🤖 AI Summary
Disk-based vector databases suffer from poor cache locality and high tail latency due to non-uniform access patterns induced by semantic similarity queries. To address this, we propose a context-aware low-latency retrieval mechanism. Our method dynamically groups queries based on embedding-level semantic similarity and introduces group-aware prefetching alongside latency-aware cluster loading—explicitly modeling intra-group locality and inter-group switching overhead. Crucially, the approach requires no modification to the underlying storage layout, instead optimizing cache behavior through coordinated query scheduling and prefetching. Evaluations on mainstream benchmarks demonstrate a 33% reduction in 99th-percentile latency, significant improvement in cache hit rate, and substantial decrease in end-to-end retrieval response time.
📝 Abstract
Embedding models capture both semantic and syntactic structures of queries, often mapping different queries to similar regions in vector space. This results in non-uniform cluster access patterns in modern disk-based vector databases. While existing approaches optimize individual queries, they overlook the impact of cluster access patterns, failing to account for the locality effects of queries that access similar clusters. This oversight increases cache miss penalty.

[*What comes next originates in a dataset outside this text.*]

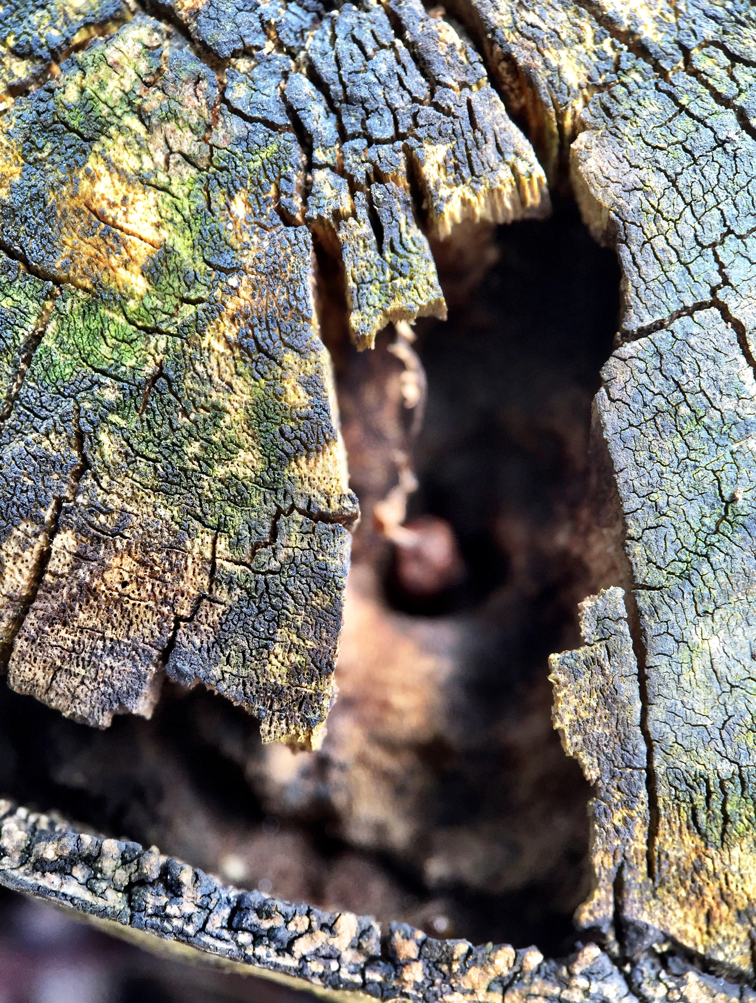 Wood, looking in: noted on a dog walk in the woods behind my house. Another world deep in a broken tree trunk.

To minimize the cache miss penalty, we propose CALL, a context-aware query grouping mechanism that organizes queries based on shared cluster access patterns. Additionally, CALL incorporates a group-aware prefetching method to minimize cache misses during transitions between query groups and latency-aware cluster loading. Experimental results show that CALL reduces the 99th percentile tail latency by up to 33% while consistently maintaining a higher cache hit ratio, substantially reducing search latency.